Z_valid = pca.transform(valid_threes)

And then reconstruct them and compare them.

# Reconstruct image
idx = 1
n_components = 1
x = pca.inverse_transform(
    np.hstack(
        [
            Z_valid[idx][:n_components],
            np.zeros((Z_valid.shape[1] - n_components,))
        ]
    )
)

# The original image
show_digit_image(valid_threes[idx])

# The reconstructed image
show_digit_image(x)
../_images/46ca89bcf354c92c510e7dcf80de8dfbb6e0f3fa46c18ea77c77723198a82006.svg../_images/4644e4bfd54853e270f374bbd39de4e58e1bc92959f8825702e714174752800a.svg

Questions#

  • Play with the code block above, increasing n_components to 2, 4, 8, and so on up to 227. Observe how the reconstruction becomes better (but not perfect).

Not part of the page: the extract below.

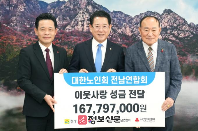 정양수 대한노인회 전남연합회장은 “전남도에서 노인복지에 깊은 관심을 보여줘 항상 고맙게 생각한다”며 “앞으로도 지역사회를 위한 나눔 활동에 적극 동참하겠다”고 밝혔다.

  • Repeat the above question, but change also the idx variable so that you see some more examples of three.

  • Go back a few code blocks, and change your validation set to include only fives. It would help if you changed this:

valid_threes = x_test[y_test == '3']
valid_threes.shape

to this:

valid_threes = x_test[y_test == '5']
valid_threes.shape

Don’t bother renaming valid_threes. Can the PCA model constructed with threes describe 5s? Why yes or why not?

  • Repeat the previous question with a couple of other digits.